NBC News has decided that climate change is no longer an issue that has two sides.
Sunday’s episode of ” Meet the Press” with Chuck Todd featured an hourlong panel with lawmakers and scientists about the consequences of climate change. But at the start, Mr. Todd said his show is “not going to give time to climate deniers,” and went on to inaccurately characterize the nature of the climate debate.
“Just as important as what we are going to do is what we’re not going to do,” he said. “We’re not going to debate climate change, the existence of it. The earth is getting hotter and human activity is a major cause. Period.”
“We’re not going to give time to climate deniers,” Mr. Todd added. “The science is settled even if political opinion is not.”
Skeptics about some of the most alarmist climate-change scenarios drawn by former Vice President Al Gore and other Democratic and left-wing politicians bristle at the word “denier,” claiming it implies parallels to people who claim the Holocaust or the Sept. 11 terror attacks didn’t happen.

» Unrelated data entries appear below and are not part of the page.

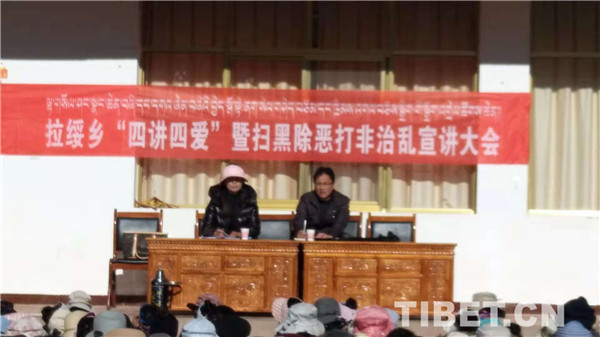 圖為在藏木點(diǎn)召開“四講四愛”暨掃黑除惡打非治亂宣講大會。
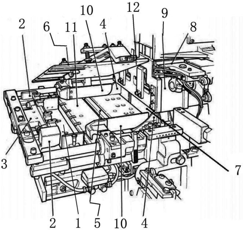 1-第一提升器;2-活动折角器;3-推送器;4-螺旋线板;5-长边烙铁;6-反衬件;7-二提升器;8-出口烙铁;9-封口位置侧壁;10-固定折角器;11-条盒底板;12-上压板。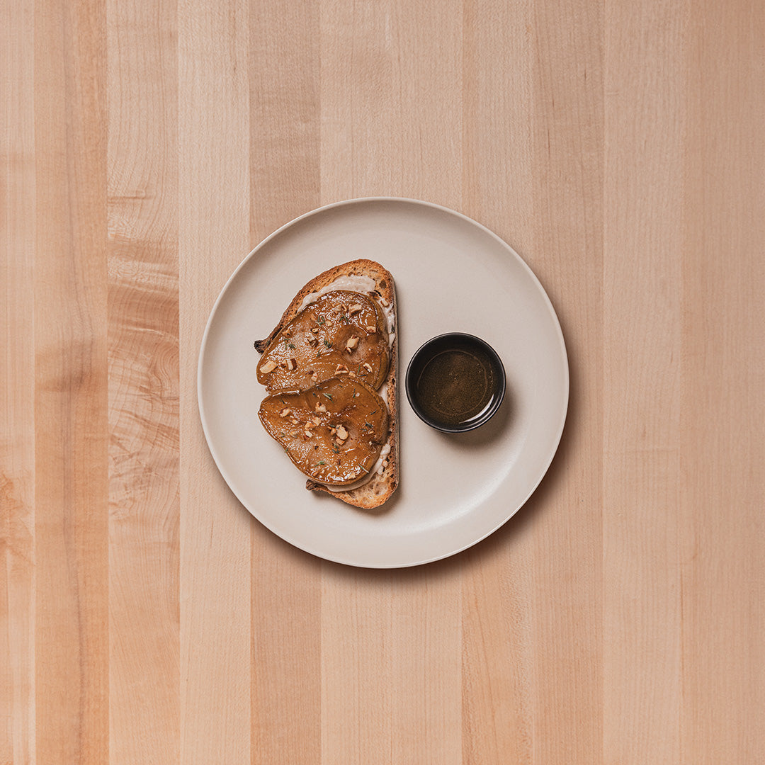 Peras rostizadas al horno sobre un untable de queso feta vegano, pecan tostadas, miel orgánica de Mamita's Honey y tomillo fresco.

They point out that while everyone understands that burning fossil fuels puts carbon dioxide in the air and that carbon dioxide in the atmosphere traps heat, there is a wide range of scientific opinion on such matters as how much man’s activities affect those gas levels, the likelihood of various possible consequences, the effect of other factors on the climate or the possible consequences such as ice or sea levels, and the quality and extent of past historical data on climate.
Mr. Todd prefaced his Sunday statement with video clips of dramatic weather incidents in the last year, though climatologists emphasize the difference between “weather” and “climate” — a distinction Mr. Todd himself made last month versus a conservative skeptic. Scientists also are usually loath to ascribe any specific weather event to man-made climate change.
Mr. Todd’s panel Sunday had non-scientists offering their opinions, including California Gov. Jerry Brown, Rep. Carlos Curbelo and potential Democratic presidential contender Michael Bloomberg.
“We need to stop covering the debate and start covering the story so that people see that this is real, and so that politicians take a more pragmatic approach and find solutions that are actually achievable,” Mr. Curbelo said about the one-sided discussion.
Other politicians applauded the well-parametered show, with Sen. Bernie Sanders took to Twitter to offer “congratulations to Chuck Todd and Meet the Press for holding a serious discussion about climate change.”
“Will this be a breakthrough moment for mainstream TV?” the Vermont socialist asked.